### Material for this exercise

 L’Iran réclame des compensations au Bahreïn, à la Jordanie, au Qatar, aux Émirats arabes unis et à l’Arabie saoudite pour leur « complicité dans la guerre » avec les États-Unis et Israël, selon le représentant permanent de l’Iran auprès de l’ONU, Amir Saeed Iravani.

==

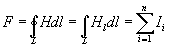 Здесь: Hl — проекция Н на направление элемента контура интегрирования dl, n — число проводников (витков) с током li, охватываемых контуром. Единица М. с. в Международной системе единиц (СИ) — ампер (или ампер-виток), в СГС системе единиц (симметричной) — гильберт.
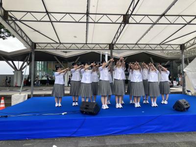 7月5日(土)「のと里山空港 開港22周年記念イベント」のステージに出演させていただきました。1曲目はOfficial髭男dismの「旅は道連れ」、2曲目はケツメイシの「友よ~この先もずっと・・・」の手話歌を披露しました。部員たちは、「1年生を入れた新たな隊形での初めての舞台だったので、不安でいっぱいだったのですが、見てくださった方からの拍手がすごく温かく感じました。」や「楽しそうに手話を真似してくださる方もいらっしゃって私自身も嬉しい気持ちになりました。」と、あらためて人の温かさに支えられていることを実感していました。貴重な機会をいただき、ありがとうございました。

### Brief
Out of the records above, return only the lines from the one with "Здесь: Hl —" through the one with "7月5日(土)「のと里山空港", exactly, and none of the pictures.

### Result of this exercise
 Здесь: Hl — проекция Н на направление элемента контура интегрирования dl, n — число проводников (витков) с током li, охватываемых контуром. Единица М. с. в Международной системе единиц (СИ) — ампер (или ампер-виток), в СГС системе единиц (симметричной) — гильберт.
 7月5日(土)「のと里山空港 開港22周年記念イベント」のステージに出演させていただきました。1曲目はOfficial髭男dismの「旅は道連れ」、2曲目はケツメイシの「友よ~この先もずっと・・・」の手話歌を披露しました。部員たちは、「1年生を入れた新たな隊形での初めての舞台だったので、不安でいっぱいだったのですが、見てくださった方からの拍手がすごく温かく感じました。」や「楽しそうに手話を真似してくださる方もいらっしゃって私自身も嬉しい気持ちになりました。」と、あらためて人の温かさに支えられていることを実感していました。貴重な機会をいただき、ありがとうございました。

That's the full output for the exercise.